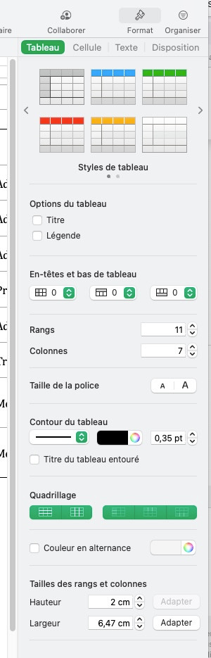 Mais dans ma version version 11.2 de Numbers, la barre latérale Format me propose 4 choix (Tableau, Cellule, Texte et Disposition), mais pas Document.
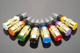 La mayoría de las tintas de los tatuajes contienen pigmentos orgánicos, junto con elementos conservantes y contaminantes como níquel, cromo, manganeso y cobalto. El ingrediente más común es el carbón vegetal, que tiene color negro. El segundo más utilizado es el dióxido de titanio (Ti02), utilizado también en aditivos alimentarios, que aporta el color blanco que se usa en la creación de sombras del tatuaje, combinándolo con otros colorantes.
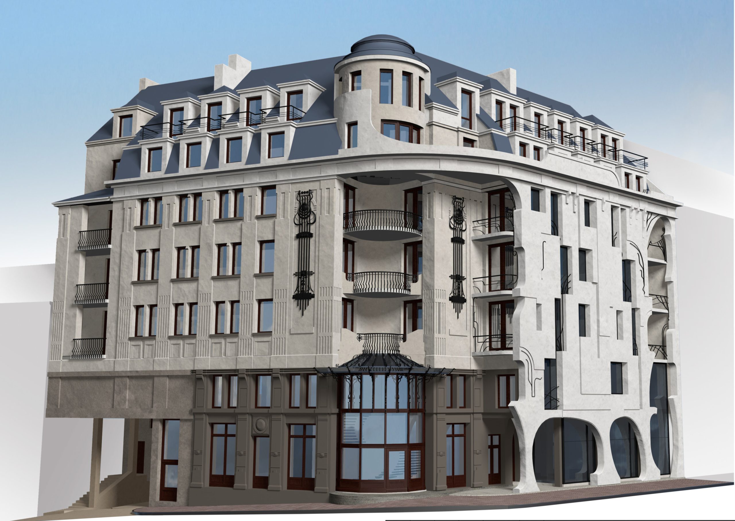 Згідно з техніко-економічними показниками, будівля матиме сім поверхів (два з них — мансардні) і 14 квартир. Передбачений також підземний паркінг.
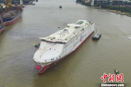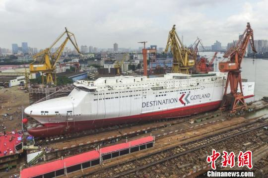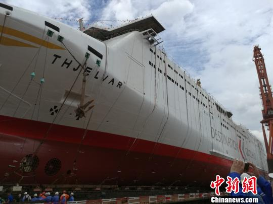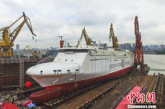 世界上速度最快、性能最优高端豪华客滚船在广州下水 陈骥旻 摄
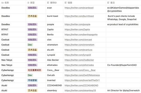 我們也會持續更新這些NFT大佬的相關信息,也希望和廣大用戶共建一個co-founder list。
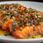 I still remember the first time I made this raw salmon—simple slices brightened by lemon and a sprinkle of dill—and how it turned a rushed weeknight into something that felt deliberate and elegant. This is a minimalist raw salmon preparation: thinly sliced fresh salmon dressed with citrus, good olive oil, a pinch of sea salt, and fresh herbs. It’s a refreshing appetizer or light starter that showcases the fish’s texture and flavor without fuss.
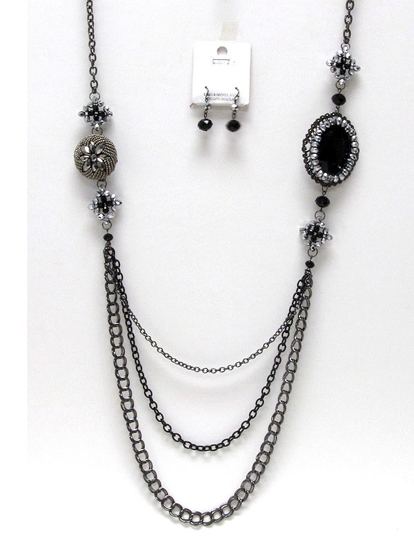 Metal oval shape filigree inside crystal stone with multi crystal glass and round multi seed beads drop with multi long chain necklace earring set
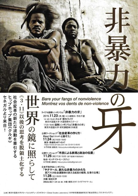 社会・事件 2015/11/28 東京外大で見たセネガルのラッパー「クルギ」はエネルギーの塊だった 神足裕司(コラムニスト) 印刷 [写真 1/2枚目] [写真]クルギは東京外大学祭のほか、東京、仙台、沖縄でもライブ、ワークショップ、シンポジウムを行った。撮影/金子清文 [写真 2/2枚目] この写真の記事へ戻る
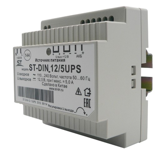 ST-DIN 12/5UPS, Стабилизированный источник питания на DIN-рейке с функцией подключения АКБ для питания аппаратуры напряжением 12В, Ток нагрузки рабочий/максимальный: 5,0А, Мощность по цепи нагрузки 12 Вольт (при максимальном выходном токе: 60Вт, Выходное напряжение, номинальное: 12,5В, Максимальный ток заряда АКБ: 0,7А, Ток ограничения выхода при коротком замыкании нагрузки: >6,0А, Защита выхода от КЗ с восстановлением нормального режима работы после устранения проблемы,защита АКБ от глубокого разряда,регулировка выходного напряжения, Емкость АКБ: рекомендуемая емкость подключаемого АКБ (напряжением 12 Вольт с электрической емкостью 7 или 12 А/ч), Пластик, Температура эксплуатации: -10...+45°C.
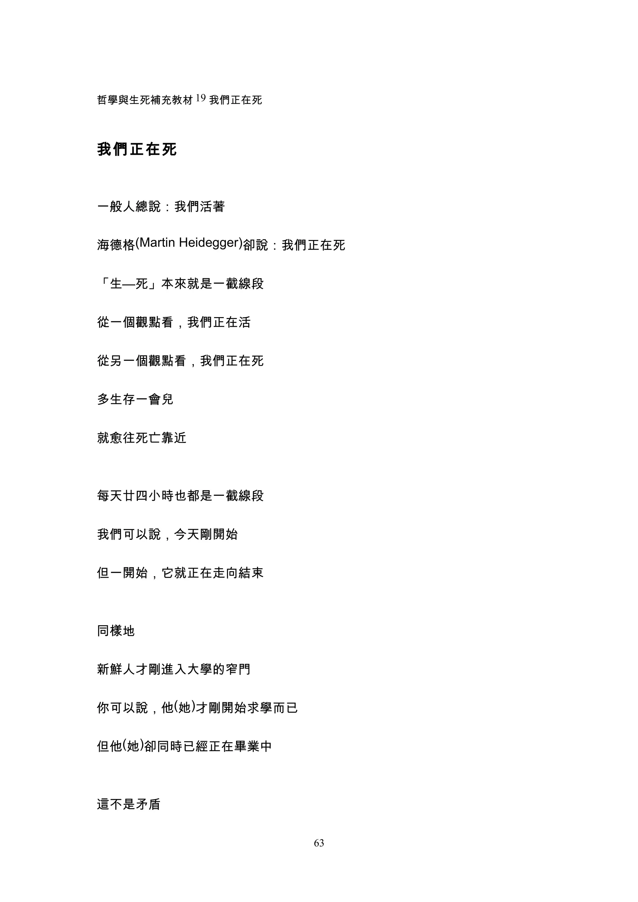 Heidegger)卻說:我們正在死 「生—死」本來就是一截線段 從一個觀點看,我們正在活 從另一個觀點看,我們正在死 多生存一會兒 就愈往死亡靠近 每天廿四小時也都是一截線段 我們可以說,今天剛開始 但一開始,它就正在走向結束 同樣地 新鮮人才剛進入大學的窄門 你可以說,他(她)才剛開始求學而已 但他(她)卻同時已經正在畢業中 這不是矛盾 63
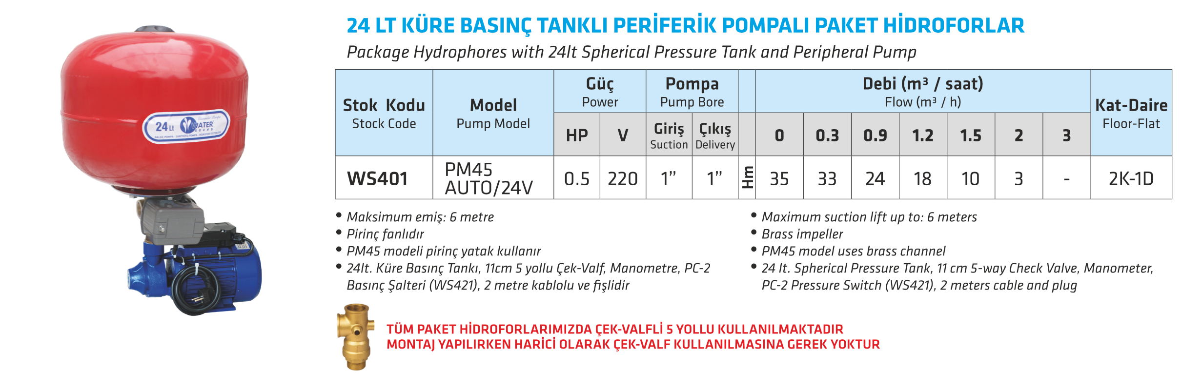 24 LT KÜRE BASINÇ TANKLI PERİFERİK POMPALI PAKET HİDROFORLAR
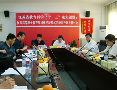 7月16日,江苏省教育科学“十一五”重大课题,江苏高等职业教育集团化发展模式的研究开题及研讨会在南京化工职业技术学院成功召开。会议由南京化工职业技术学院院长徐建中致辞,课题主持人王明伦为研究课题作了开题报告。我院副院长张登宏、科技产业处处长韩成标和招生就业处副处长许能生参加了会议。
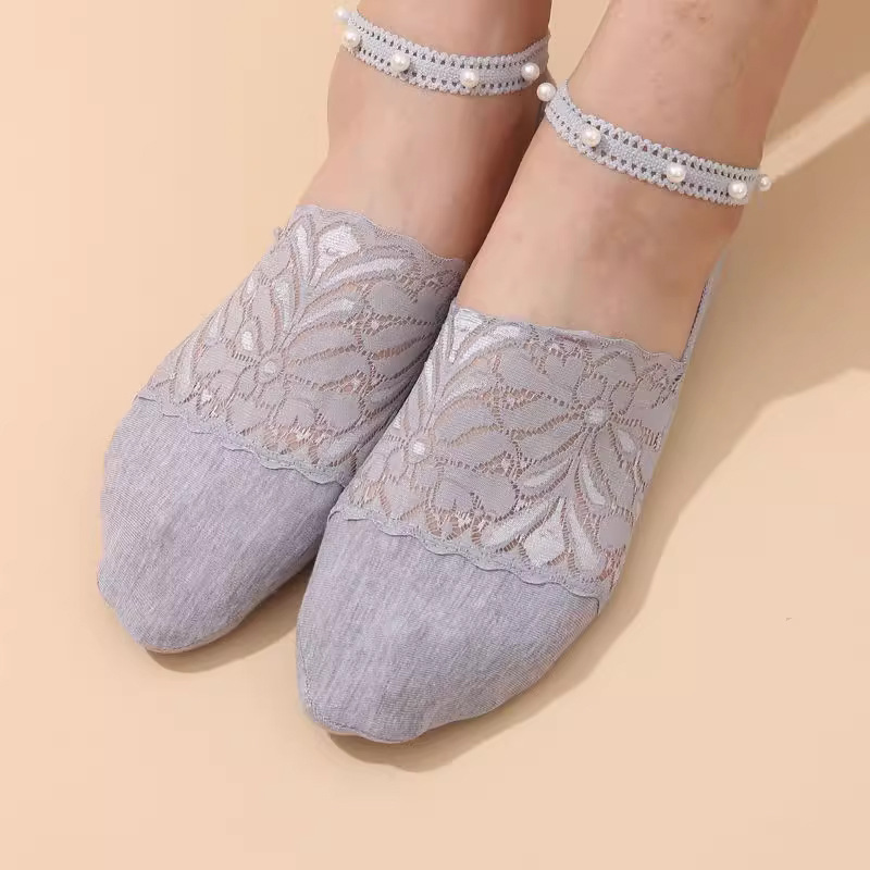 보트 양말 여성용 깊은 입 진주 양말 진주 보트 양말 여름 얇은 모든 경기 레이스 면화 여자 보트 양말 보이지 않는 양말
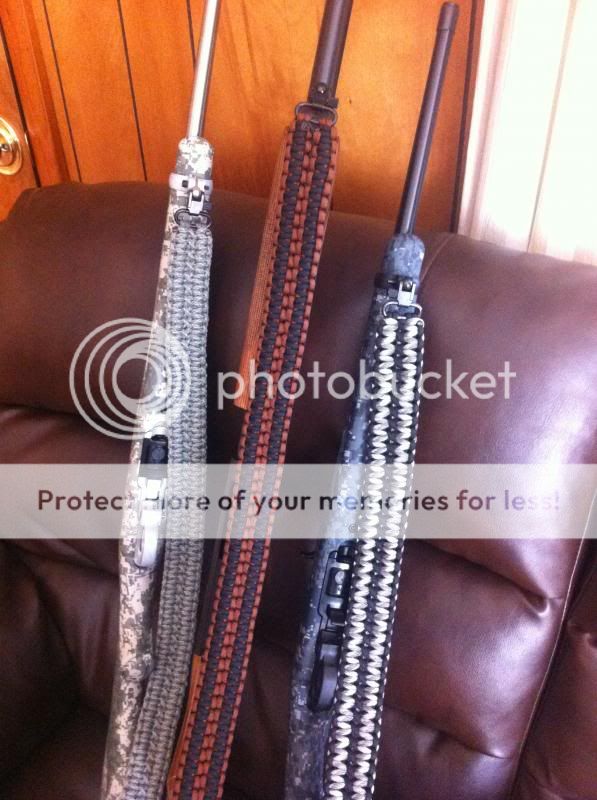 here is what I was doing. Well the ACU camo one anyway. 5 to 6 hours to tie one of these things and my hands are showing it. Never really thought about doing any but about a week ago my son wanted to do one for his 870 and that lead to the ones for my 10/22s. These are 35 in and have about 125' of cord in them. Very hard to match the colors Ruger uses in their stocks but the brown-black on the 870 is dead on. Anyone else ever tie any up?
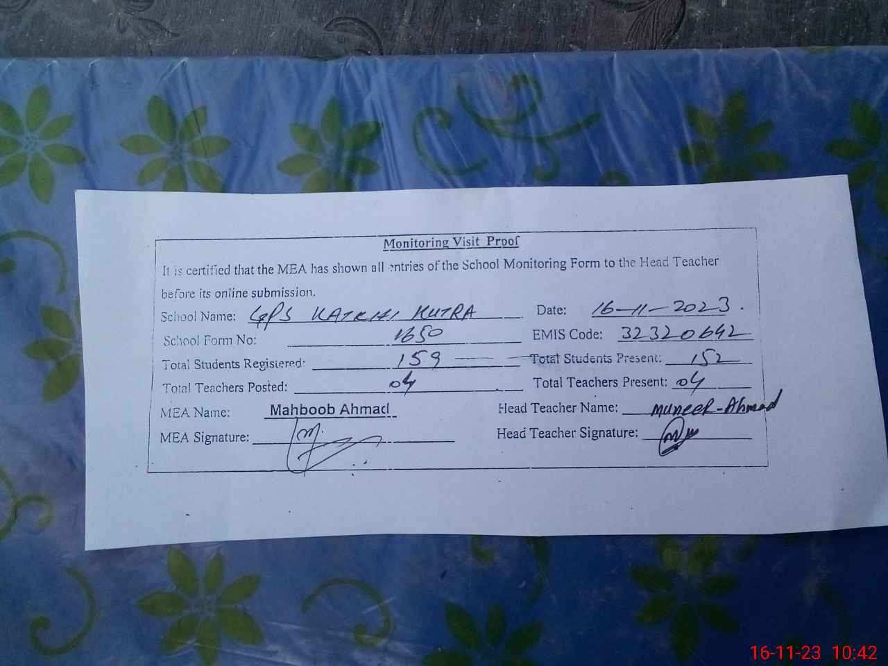 | EMIS Code: 32320642 | Name of School: GPS KACHI KUTRA | |||
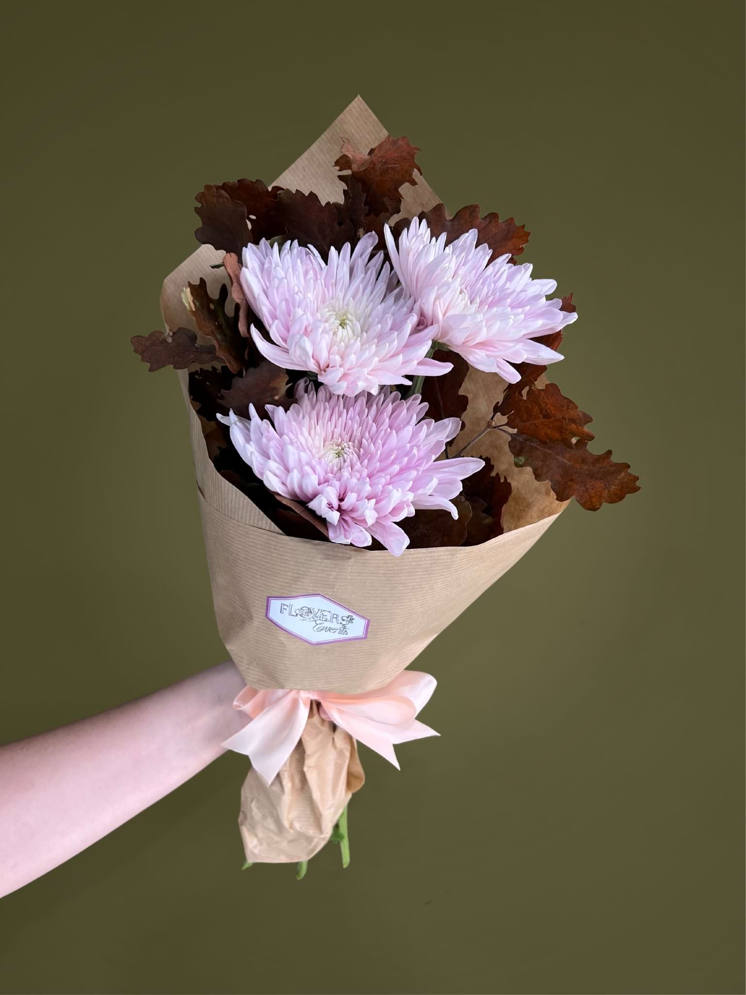 Acest produs contine: 3 crizanteme, quercus, ambalaj si panglica
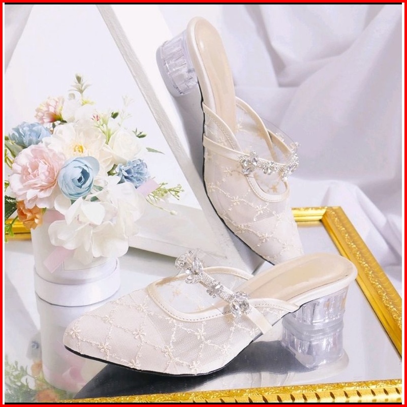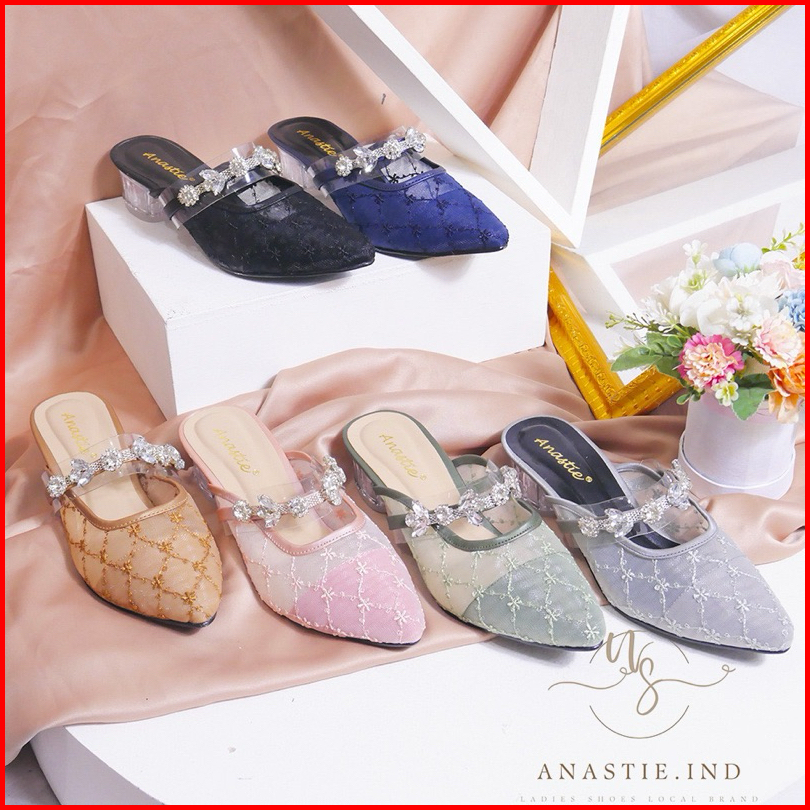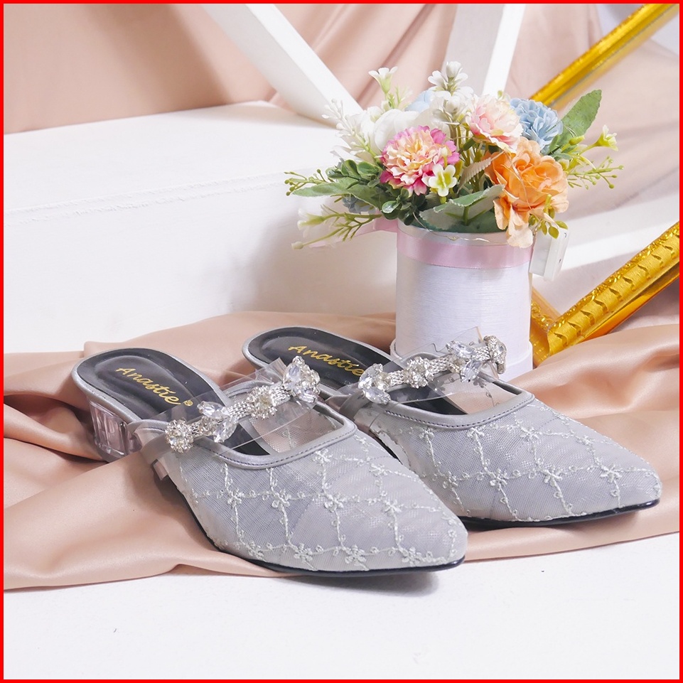 Anastie Amelia - Sendal Wanita Sendal Pesta Heels Hak Kaca 3cm Mutiara Brukat Sendal Wanita Kekinian
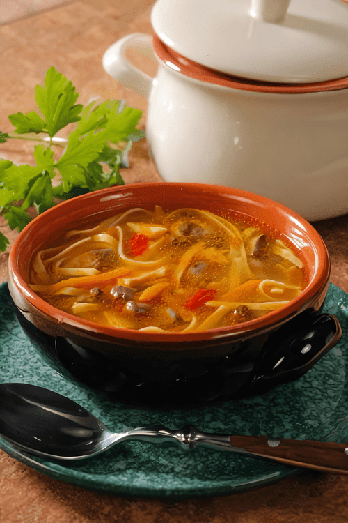 Noodle with chicken liver is a cozy, warming dish of European cuisine that combines the tenderness of offal and the richness of aromatic chicken broth. The origins of this recipe trace back to traditional home kitchens where the simplicity of ingredients transformed into exquisite flavor. Sautéed over high heat, chicken liver retains its juiciness, complementing soft noodles and a rich broth enriched with a special dressing. This dish is perfect for a family dinner or a cozy evening, providing warmth and rich taste. It can be served as a standalone dish or accompanied by fresh bread and greens to enhance the flavor nuances.
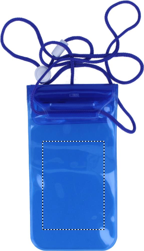 Vattentät smartphone påse i PVC med polyestersnöre. Säkerhets spänne och stopp. Påsen har en tunnare yta som tillåter användning av pekskärmen från utsidan. Mobilfodralet passar de flesta modellerna på marknaden. Ett måste på stranden!
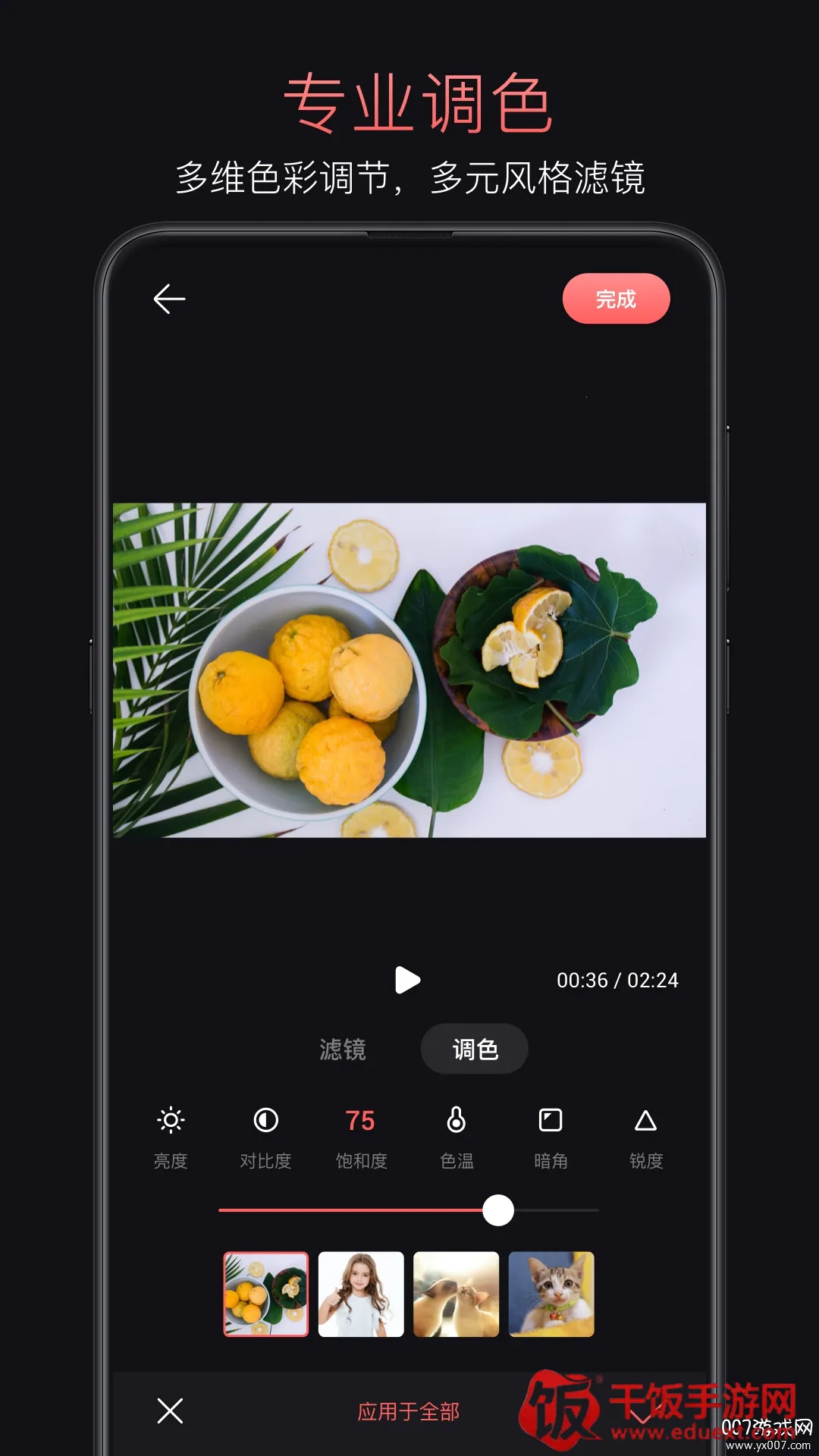 3、全能剪辑:全面的剪辑功能让创意尽情发挥。能轻松剪切合并视频、调整速度、倒放,还支持添加动态贴纸、艺术字幕、潮流音乐等。从视频调速到转场特效,从画幅比例切换到调色功能,各项功能强大且实用。

※ ※ ※

• _What is expected_
Every line above between the one containing "24 LT KÜRE BASINÇ" and the one containing "Anastie Amelia - Sendal", those two included, is to be printed exactly. No pictures go into the copy.

• _Completed exercise_
 24 LT KÜRE BASINÇ TANKLI PERİFERİK POMPALI PAKET HİDROFORLAR
 7月16日,江苏省教育科学“十一五”重大课题,江苏高等职业教育集团化发展模式的研究开题及研讨会在南京化工职业技术学院成功召开。会议由南京化工职业技术学院院长徐建中致辞,课题主持人王明伦为研究课题作了开题报告。我院副院长张登宏、科技产业处处长韩成标和招生就业处副处长许能生参加了会议。
 보트 양말 여성용 깊은 입 진주 양말 진주 보트 양말 여름 얇은 모든 경기 레이스 면화 여자 보트 양말 보이지 않는 양말
 here is what I was doing. Well the ACU camo one anyway. 5 to 6 hours to tie one of these things and my hands are showing it. Never really thought about doing any but about a week ago my son wanted to do one for his 870 and that lead to the ones for my 10/22s. These are 35 in and have about 125' of cord in them. Very hard to match the colors Ruger uses in their stocks but the brown-black on the 870 is dead on. Anyone else ever tie any up?
 | EMIS Code: 32320642 | Name of School: GPS KACHI KUTRA | |||
 Acest produs contine: 3 crizanteme, quercus, ambalaj si panglica
 Anastie Amelia - Sendal Wanita Sendal Pesta Heels Hak Kaca 3cm Mutiara Brukat Sendal Wanita Kekinian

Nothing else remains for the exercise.